Yugo The Bunker

El “japo” de la calle San Blas
Algo tendrá Julián Mármol cuando lo bendicen con su primera estrella Michelin.

En el paseo de Colón de Irún siempre nos partimos de risa cuando pasaba el típico hendayés calzado con casco protector a lomos de una “Mobylette” y en las oficinas de aduanas siempre se colaron forasteros que desempeñaron tareas de gestión de tráfico: era un poema verlos correr con zapatillas deportivas y pantalón corto, ¡mira ese!, decíamos señalándolos con el dedo. Mientras, aceleraban el paso haciendo “jogging”, vocablo inglés que derivó en una sinsorga terminología para definir al corredor, tantas posibilidades hay como palabras emplean los esquimales del iglú para matizar el blanco polar: donde uno ve corredores, otros ven “runners” que entrenan, hacen series y estiran en un averno o inframundo llamado “box”, ¡manda huevos!

También hubo un tiempo en el que veíamos orientales, sobre todo en las películas de Bruce Lee y en aquellas entregas sabatinas del cine Avenida, que se ponía hasta la bandera de parejas de enamorados magreándose y pandillas de gamberros que acudíamos puntuales a la proyección de sesudos largometrajes protagonizados por Bud Spencer y Terence Hill, que en sus epopeyas siempre tenían hueco para la aparición estelar de un “japonés” chungo con cara de pocos amigos que repartía tortazos sin moverse del sitio, ¡menudas gestas!

Por el entorno no había moritos, ni negratas, ni pelirrojos y ningún chino y para encontrarlos tenías que plantarte en Madrid y franquear el umbral de locales de reputado pedigrí del paseo de la Castellana como el desparecido “Suntory” o “The House of Ming”, que ofrecían exotismo en los tiempos en los que la modernidad la abanderaban Ursula Andress, Paquito Clavel o Fabio McNamara y algunos humoristas que no dejaban títere con cabeza en los escenarios del Florida y Cleofás, salas de espectáculos no aptas para menores de dieciocho años.
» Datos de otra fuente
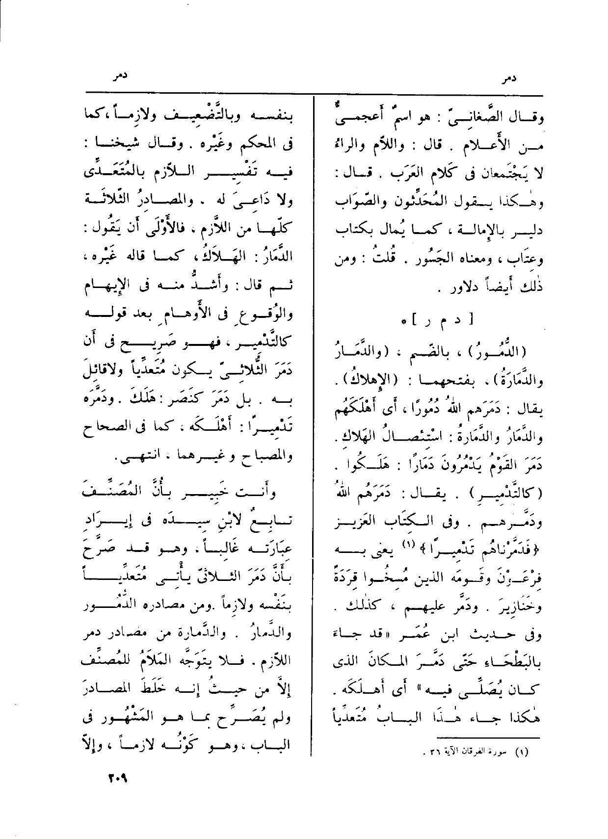 : (الدُّمُورُ) ، بالضّم، (والدَّمَارُ والدَّمَارَةُ) ، بفتحهما: (الإِهلاكُ) . يُقَال: دَمَرَهم اللَّهُ دُمُوراً، أَي أَهْلَكَهُم والدَّمَارُ والدَّمَارةُ: اسْتِئصالُ الهَلاكِ. دَمَرَ القَوْمُ يَدْمُرُونَ دَمَاراً: هَلَكُوا. (كالتَّدْمِيرِ) . يُقَال: دَمَرَهُم اللَّهُ ودَمَّرهم. وَفِي الكِتَاب العَزيز {فَدَمَّرْنَاهُمْ تَدْمِيراً} (الْفرْقَان: 36) يَعْنِي بِهِ فِرْعَوْنَ وقَومَه الَّذين مُسِخُوا قِرَدَةً وخَنَازِيرَ. ودَمَّر عَلَيْهِم، كذالك. وَفِي حَدِيث ابْن عُمَر (قد جاءَ بالبَطْحَاءِ حَتّى دَمَّرَ المكانَ الَّذِي كَانَ يُصَلِّي فِيهِ) أَي أَهلَكَه. هاكذا جَاءَ هاذَا البابُ مُتَعدِّياً بِنَفسِهِ وبالتَّضْعِيف ولازِماً، كَمَا فِي الْمُحكم وغَيرْه. وَقَالَ شَيخنَا: فِيهِ تَفْسِير اللّازم بالمُتَعَدِّي وَلَا دَاعِيَ لَهُ، والمصادِرُ الثّلاثَة كلّها من اللَّازم، فالأَوْلَى أَن يَقُول: الدَّمَارُ: الهَلاَكُ، كَمَا قَالَه غَيْره، ثمَّ قَالَ: وأَشدُّ مِنْهُ فِي الإِيهام والوُقوعِ فِي الأَوهامِ بعد قَوْله كالتَّدْمِير، فَهُوَ صَرِيح فِي أَن دَمَرَ الثُّلاثِيّ يكون مُتَعدِّياً وَلَا قائِلَ بِهِ. بل دَمَرَ كنَصَر: هَلَكَ. ودَمَّرَه تَدْمِيراً: أَهْلَكَه، كَمَا فِي الصِّحَاح والمصباح وَغَيرهمَا، انْتهى.

En “Suntory” bebí mi primera birra nipona y asistí ensimismado a ese bautismo festivo de gestos casi litúrgicos que terminaban en el fondo de un bol en delicadísima sopa o en la palma de mi mano en forma de bola de arroz glutinoso con pescado crudo, ¡vaya tela de franela!

Por aquel entonces el amigo Julián Mármol andaría en pantalones cortos, pegando pelotazos a un balón de reglamento y sacando buenas notas -me apuesto un pie con su juanete a que en algún momento fue delegado de su clase-, porque es difícil encontrar un tipo con la rigidez, la obstinación y la decidida convicción de que en algún momento de su vida terminaría haciendo lo que hoy trajina en ese búnker de madera de la madrileña calle de San Blas en el que cocina como los ángeles para una nutrida clientela a la que mantiene amaestrada y cautiva con sus propuestas, por su peculiar forma de ser y expresarse.
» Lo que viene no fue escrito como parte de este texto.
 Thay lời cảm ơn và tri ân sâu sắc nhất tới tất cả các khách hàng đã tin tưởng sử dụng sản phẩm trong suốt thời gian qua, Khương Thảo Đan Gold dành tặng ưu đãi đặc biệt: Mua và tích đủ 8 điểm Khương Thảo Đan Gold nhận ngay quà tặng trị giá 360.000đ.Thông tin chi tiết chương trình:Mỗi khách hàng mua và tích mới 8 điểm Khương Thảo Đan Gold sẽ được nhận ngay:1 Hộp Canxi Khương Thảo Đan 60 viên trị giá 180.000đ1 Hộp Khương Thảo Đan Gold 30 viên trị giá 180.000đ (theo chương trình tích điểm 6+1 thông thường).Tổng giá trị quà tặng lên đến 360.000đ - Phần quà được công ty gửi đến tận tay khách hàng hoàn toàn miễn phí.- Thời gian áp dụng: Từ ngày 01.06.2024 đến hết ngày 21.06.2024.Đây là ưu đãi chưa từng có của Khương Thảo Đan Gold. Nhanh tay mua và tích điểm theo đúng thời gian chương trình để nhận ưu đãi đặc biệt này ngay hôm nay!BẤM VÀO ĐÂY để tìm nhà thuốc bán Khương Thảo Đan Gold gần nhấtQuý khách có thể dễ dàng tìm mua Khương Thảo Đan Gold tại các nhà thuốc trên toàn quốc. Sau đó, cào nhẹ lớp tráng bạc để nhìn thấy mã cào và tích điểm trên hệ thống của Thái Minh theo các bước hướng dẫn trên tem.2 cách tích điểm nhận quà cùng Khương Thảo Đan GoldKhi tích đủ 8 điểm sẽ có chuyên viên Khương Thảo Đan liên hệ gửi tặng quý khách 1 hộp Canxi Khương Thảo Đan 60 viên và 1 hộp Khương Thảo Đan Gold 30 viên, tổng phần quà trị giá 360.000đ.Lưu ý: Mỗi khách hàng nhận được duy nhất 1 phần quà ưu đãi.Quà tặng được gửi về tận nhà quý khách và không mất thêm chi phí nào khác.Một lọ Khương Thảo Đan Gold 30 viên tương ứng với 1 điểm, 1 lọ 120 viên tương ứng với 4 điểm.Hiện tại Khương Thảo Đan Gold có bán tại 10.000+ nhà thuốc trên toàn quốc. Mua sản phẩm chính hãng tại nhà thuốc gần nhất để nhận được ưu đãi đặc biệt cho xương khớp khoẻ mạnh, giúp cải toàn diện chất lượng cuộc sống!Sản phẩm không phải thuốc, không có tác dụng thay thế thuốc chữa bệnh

Se le ve venir de lejos al chaval, pues por cada poro de su piel destila autosuficiencia, control de los procesos, seguridad en lo que hace y por lo que viene demostrando, que no es otra cosa que alentar a todo su equipo para convertir poco a poco todo lo que toca en propuestas de altos vuelos gustosas y muy sabrosas. Bien cierto es que en esta selva moderna de “mochis”, bolitas de arroz y rollitos preñados de cualquier cosa, resulta cada vez más complicado verse seducido por esa cocina que la pone mirando a Murcia cuando está recién hecha, porque huele, pringa, explota, chorrea, marea y pega los labios por su carácter graso, ahumado, yodado, fermentado, crudo y mórbido.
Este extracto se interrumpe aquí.